I talk a lot about school affordability, but there is more to finding the right school for your student. In the years leading up to high school graduation, it’s helpful to check out college campuses whenever possible to get a feel for the many variations of a college education there are out there. In the early stages, you don’t have to be so particular - convenience and opportunity are the biggest reasons to visit a school. Mind you, this is also a perfect opportunity to remind your student that, ultimately, it won’t make sense to apply to schools that aren’t financially feasible.
As you move into sophomore and junior year, though, and the summer before senior year, your school exploration should become a lot more strategic. As you start developing a school list, consider the following for an on-campus tour:
Since an in-state education is relatively affordable for most students, it makes sense to put at least one or two such options on your campus tour list. Sure, the big flagship school is a good stop, but don’t ignore the smaller state schools, especially if they specialize in an area of particular interest.
Out Of State
This is a great option if there are out of state schools with reciprocity agreements for your state, or your student has a keen interest in a specific program and the school is affordable for your family.

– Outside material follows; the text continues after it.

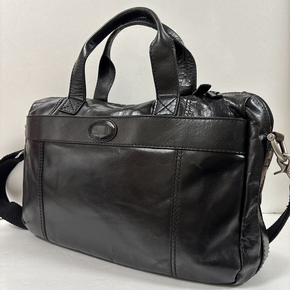 - 【美品】 フォッシル FOSSIL バッグ ブリーフケース ビジネスバッグ 鞄 ビジネス メンズ ブラック 2WAY ショルダーバッグ オールレザー
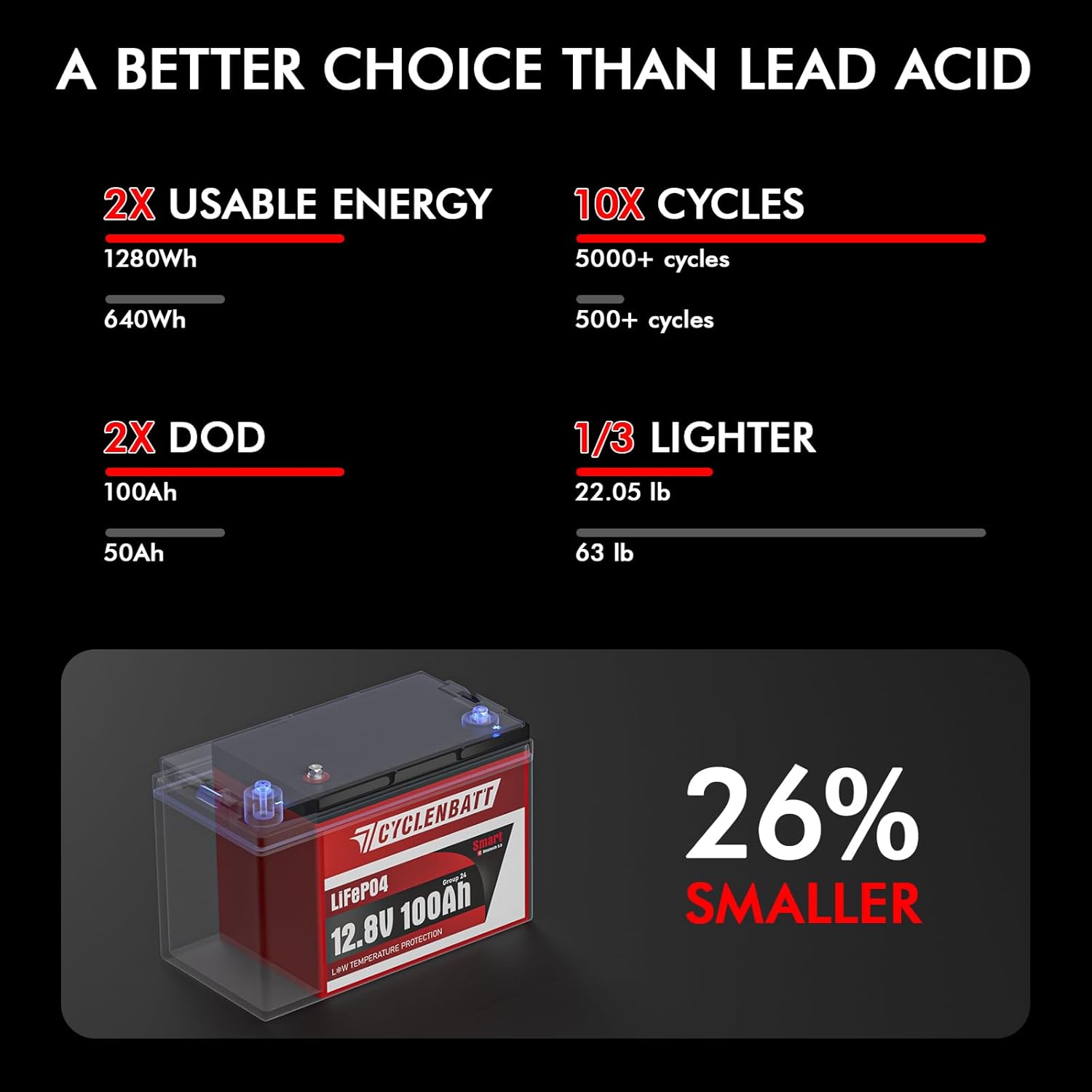 - 【Perfect Replacement for Lead-Acid Batteries in Group 24 Size】The 12-volt lithium battery is built to the BCI Group 24 standard size, weighing 22.05 LB. It is a perfect replacement for your RV or boat's lead-acid battery. This significantly reduces weight while the 100Ah lifepo4 battery provides up to twice the runtime of a lead-acid battery.

Once you’ve narrowed down a list of private schools that are affordable for your specific need and merit profile and also make a good academic fit, adding a variety of these schools to your list is a great way to see what’s out there. Compare schools from urban and rural areas, large and small student populations, warm and cold weather, and any other variations that are of interest.
A Word To The Wise
When your student is getting serious about narrowing down their school list, don’t visit schools that are out of your price range without a heart-to-heart on what it would take for them to actually attend that school, meaning, most likely they’d have to spend a LOT of time applying for outside scholarships or hold down part and full-time jobs while in school to help pay the bill. The last thing you want is for your student to get their heart set on a school that is going to require them to take out excessive student loans. That 4-year dream school can quickly become a 25-year debt nightmare upon graduation - something no parent wants to see their kid go through.